Andres Fernandez from Twist Bioscience also spoke at the SDC. He said that DNA archives can last more than a thousand years with little cost for storage (at room temperature) although access time for data on the DNA can get down to about 24 hours. He described Twists CMOS-based DNA synthesis process. The figure below shows a high-density chip-based DNA synthesis system.
Twist DNA Synthesis System 2021 SDC, IMAGE BY TOM COUGHLIN
Costs can be reduced by reusing chips and multiple runs per day as well as by reusing reagents and increasing the volume per reaction.
Although not presenting at the 2021 SDC, DNA start up Iridia, Inc. plans to use a disruptive biochemical approach to encode and read data in the form of synthetic DNA. Thus far, the dominant view has been that each DNA base should encode two bits (A=00, C=01, T=10, G=11, etc.). Iridia’s proprietary Topoisomerase-based chemistry enables the sequential stitching together of “cassettes”, each composed of multiple DNA bases as a unit.
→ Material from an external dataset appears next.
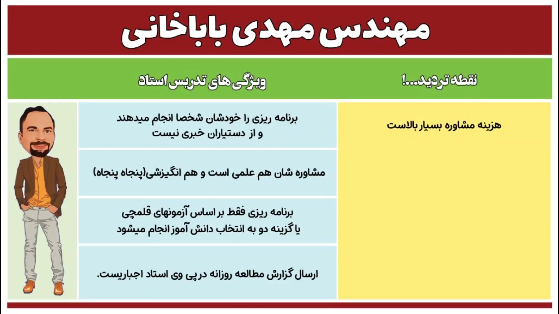 Мехоҳед дар интихоби риштаи худ дар имтиҳони дохилшавӣ ба донишгоҳ беҳтарин қарорҳоро қабул кунед? Мо ба шумо 6 нафар аз беҳтарин мушовирони соҳаеро муаррифӣ мекунем, ки бо таҷриба ва донишашон шуморо роҳнамоӣ мекунанд. Ин имконияти беҳтарин барои шумо аст, ки роҳи дурустеро интихоб кунед ва ба орзуҳои худ наздик шавед!

This unique capability permits both the writing of multiple bits simultaneously (where a cassette has multiple data encoding bases) as well as the assembly of chains of single bits (0s and 1s), each comprised of multiple DNA bases as illustrated.
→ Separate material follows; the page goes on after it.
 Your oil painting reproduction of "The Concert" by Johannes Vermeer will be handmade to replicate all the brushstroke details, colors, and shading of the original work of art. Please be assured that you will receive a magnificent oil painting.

The potential for the approach is that such a chemistry would permit the selection of the most efficient synthesis and read formats such that the cost to write, store and read data in an integrated fashion could be radically reduced and eventually compete with tape and HDDs. Of note, writing and reading data as “0s” and “1s” composed of DNA makes it possible to leverage error correction coding (ECC) of the type tape, HDDs and SSDs use today. The figure below shows these approaches using Topo Cassettes for DNA data encoding.
Iridia Top Cassette Encoding and Readout Image from Iridia
DNA storage is focused on deep archive applications. According to Steffen Hellmold, a couple of examples of possible DNA storage workloads are storing video surveillance data and large data sets used for AI training. DNA may be stored in a liquid or dehydrated form and in either case latency (or time to get data once requested) will generally take a few hours. The DNA Data Storage Alliance (now with 25 members and founded by Twist Bioscience Corp., Illumina, Inc., Western Digital and Microsoft), in a June white paper (An Introduction to DNA Data Storage) projects that synthesis (write) costs for DNA storage may get down to $1/TB by 2030.
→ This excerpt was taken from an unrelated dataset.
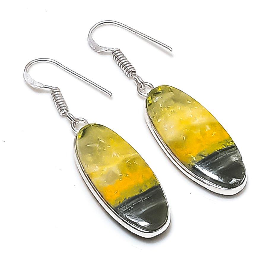 Натуральный Яшма Шмель 925 Пробы Серебро Ювелирное Изделие Серьга 1.85" AEE-10811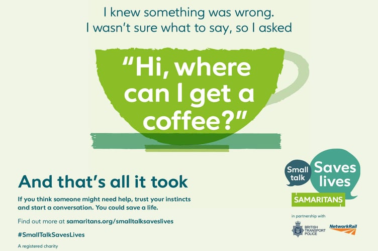 Samaritans – the charity organisation with trained listening volunteers available 24/7 to respond to calls for help – is running a campaign in partnership with Network Rail and British Transport Police called Small Talk Saves Lives – see samaritans.org/small-talk-saves-lives

Steffen said that DNA storage could become commercial in 5-year time. Another important element in DNA storage that differs from other data storage technologies is that a great many copies can be created at one time—which may have value in some applications and may also be exploited as replication to improve the odds of data recovery over an extended period of time.
The write paper points out that the costs of sequencing a human genome has fallen faster than the rate of Moore’s law cost reductions for silicon devices (see figure above). If a bit of information is recorded per DNA base, then the cost of information storage at a $1,000 per human genome sequencing price point (approximately where we are today) comes out to $1,300/GB, or $1,300,000/TB. Reducing this cost of writing data to $1/TB by 2030 is impressive, but based upon the magnetic tape roadmap, the costs for writing and reading magnetic tape by 2030 will be considerably less, and the estimated DNA storage costs don’t include the costs to read the data.
DNA holds great promise for very dense data storage. Although the current costs for writing and reading data from DNA are much higher than conventional storage technologies, this will come down over time. If the decline in DNA costs is higher than other storage technologies it could become a competitor, particularly for archival storage.